The jacket, photgraphed by ian Skelton, shows some of the pieces Edmund unearthed during his quest.
BLACK EARTH - Timothy Snyder
We have come to see the Holocaust as a factory of death, organised by
bureaucrats. Yet by the time the gas chambers became operation more than a
million European Jews were already dead: shot at close range over pits and
ravines. They had been murdered in the lawless killing zones created by the
German colonial war in the East, many on the fertile black earth that the Nazis
believed would feed the German people.
In this epic history of extermination and survival, Timothy Snyder presents a new explanation of the great atrocity of the twentieth century, and reveals the risks we face in the twenty-first.
The evocative jacket photograph shows Cêsis in Latvia in 2004 and is by Magnum photographer Alex Majoli.

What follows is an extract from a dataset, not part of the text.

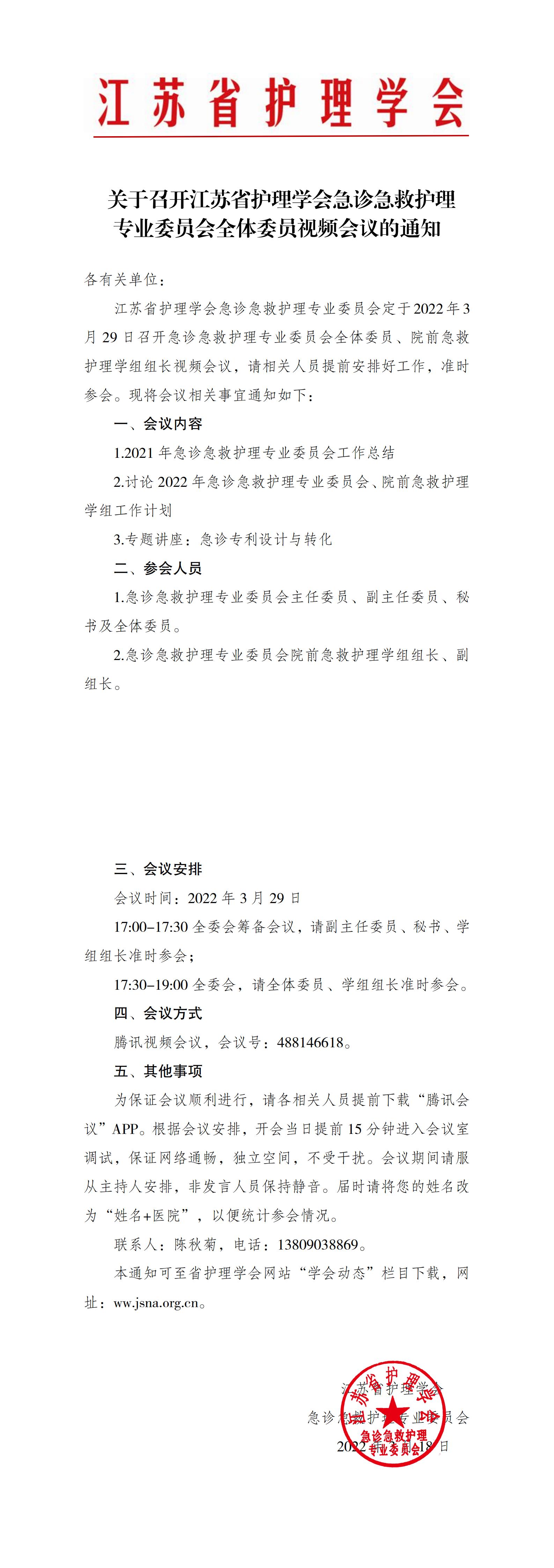 关于召开江苏省护理学会急诊急救护理专业委员会全体委员视频会议的通知

Published by Bodley Head, Black Earth is on the 2015 longlist for the Samuel Johnson Prize for Non-fiction
NEMESIS - Misha Glenny
His name was Antonio, but they would call him Nem. From the infamous
favela of Rocinha in Rio, he was a hardworking young father forced to
make a decision that would turn his world upside down.
Nemesis
is the story of an ordinary man who became the king of the largest slum
in Rio, the head of a drug cartel and perhaps Brazil’s most wanted
criminal. A man who tried to bring welfare and justice to a playground
of gang culture and destitution, while everyone around him drew guns and
partied. It’s a gripping tale of gold-hunters and evangelical pastors,
bent police and rich-kid addicts, quixotic politicians and drug lords
with maths degrees.
This
is also the story of how change came to Brazil.

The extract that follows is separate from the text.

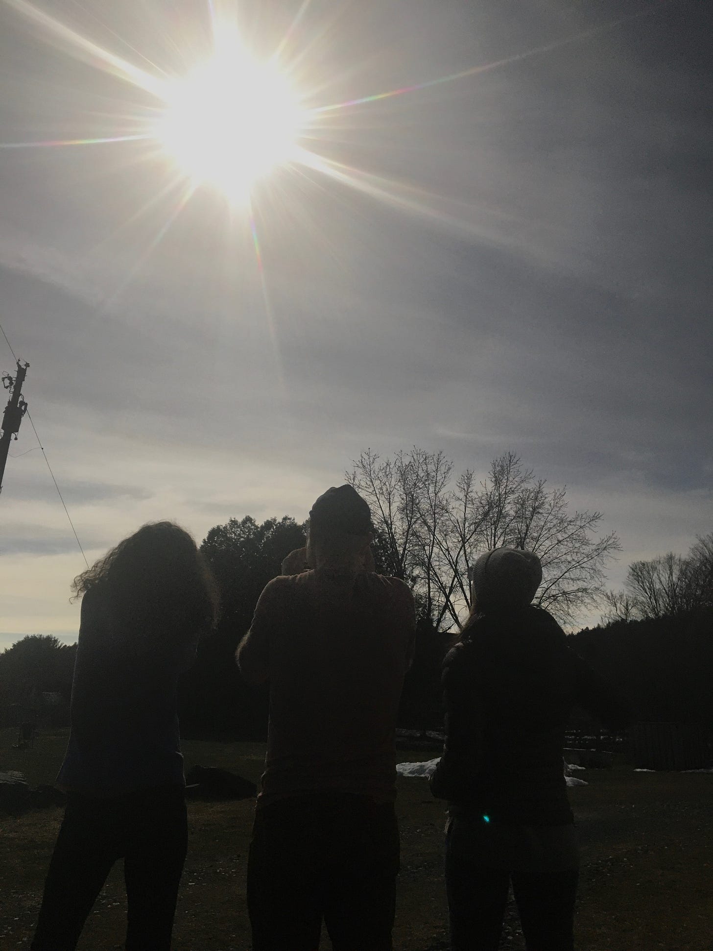 The weather was absolutely incredible that morning. Bluebird skies, a slight breeze and balmy temperatures for April. At around 3 pm we gathered on the back deck, which happened to be at the town park so we had the company of about 25 cars, mostly local families. There was no school today so kids got to experience it as well. It was a festive atmosphere. People had set up pop up tents, or mini tailgate parties out of their cars. We were a few hundred feet away in our yard so we were close enough, but still had our own little space. I used my glasses (carefully, protecting my eyes!!) while looking at the partial eclipse. It was a really neat experience to view the moon slowly passing over the sun, from a sliver to half until a sliver of sun remaining.

For the cover, Nem was redrawn from an existing photograph supplied by Agencia O Dia in Brazil, with the typestyle was influenced by favela grafitti.

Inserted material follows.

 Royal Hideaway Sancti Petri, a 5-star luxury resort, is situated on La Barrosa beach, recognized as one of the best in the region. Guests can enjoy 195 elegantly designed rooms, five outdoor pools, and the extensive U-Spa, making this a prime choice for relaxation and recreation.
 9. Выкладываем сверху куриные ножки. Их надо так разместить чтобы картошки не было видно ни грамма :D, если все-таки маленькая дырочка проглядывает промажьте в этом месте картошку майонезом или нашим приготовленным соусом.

Nemesis is published this month by The Bodley Head.
THE NOISE OF TIME - Julian Barnes
In May 1937 a man in his early thirties waits by the lift of a Leningrad apartment block. He waits all through the night, expecting to be taken away to the Big House. Any celebrity he has known in the previous decade is no use to him now. And few who are taken to the Big House ever return.
The novel is about the collision of art and power, about human compromise, human cowardice and human courage. Several different visuals and approaches, some of which are shown above, including cutting a figure in lino, were worked up in response to the powerful text.
The final image was chosen after much deliberation, as it succinctly captured the essence of the novel. We commissioned Vladimir Zimakov to produce a linocut. The figure is literally fenced in by the title typography, which has been sourced and then pasted together from a period sans serif font. The cover will be printed in vivid black and red foil, which will make the graphics more tactile and allow for an intense colour against the raw paper stock.
The bold graphics are referenced from the Soviet era for this cover: Soviet typography, film posters and matchboxes. Favourite pieces of this genre were pasted over the wall in the studio as inspiration during this project. One thing that stood out the most from this research was the stark grammar of simple geometry, typography and flat blocks of colour of Soviet graphics. Sans serif fonts and the colours red and black dominated the wall and therefore found their way into the finished design.
FIRST LOVE LAST RITES - Ian McEwan
The influential American designer, Herb Lubalin was the inspiration behind this cover. His style of expressive typography was at its height in the mid 1970’s when First Love, Last Rites was first published. The font used is Avant Garde, which Lubalin designed. The typographic device of repeating and overprinting the letter O suggests the themes of love and murder, sex and loneliness, adolescence and incest which run throughout the book.